The government should prioritize expanding its recent sales tax increase or risk an eventual collapse of sovereign bonds, former Finance Ministry official Eisuke Sakakibara said.
A failure to raise the consumption levy “could trigger massive dumping” of the nation’s debt, Sakakibara said in an interview in Tokyo last week. “We must not derail from boosting the levy to 10 percent. The bond market’s collapse would be more dire than a tax increase.”
Prime Minister Shinzo Abe has indicated he will decide by the end of this year whether to go ahead with the sales tax increase to 10 percent in 2015, weighing the economic fallout of the 3-percentage-point gain to 8 percent this month. Gross domestic product may contract an annualized 3.3 percent in the second quarter, the sharpest drop since the first three months of 2011, according to a Bloomberg News poll of economists.

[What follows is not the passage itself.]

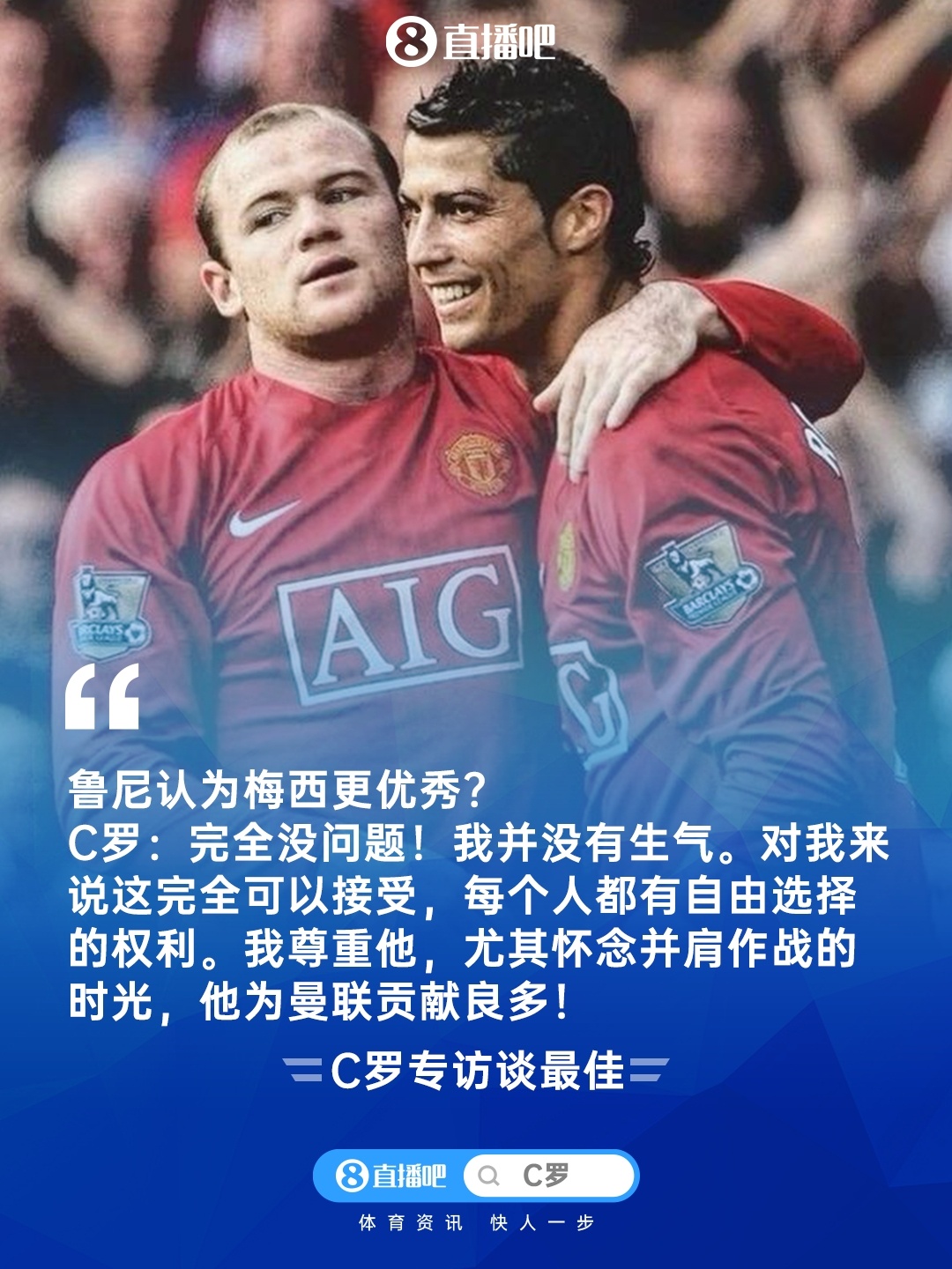 摩根:韦恩·鲁尼,你的老队友上周说他并不脑怒你(尽管有东谈主那么说),他其实很心爱你,称你为天才。他说你们的辩论比外界联想的要亲密,但他仍然认为梅西更优秀。

“Ten percent is still not enough” and Japan may have to eventually increase it toward 20 percent, in line with other developed nations, said Sakakibara, who is now a professor at Aoyama Gakuin University in Tokyo. “If we increase spending, we need to radically boost revenue.”
Economy minister Akira Amari said earlier this month the decision to hike the levy to 10 percent will not be easy. Sixty percent of respondents in a survey by Nikkei newspaper and TV Tokyo oppose the move, while 32 percent support it.
Domestic investors hold more than 90 percent of the government’s debt, which means the country is relying on the world’s fastest-aging population for financing. A quarter of Japanese will be over 65 years old by the end of 2014. That’s the highest ratio globally, according to U.S. census bureau figures compiled by Bloomberg.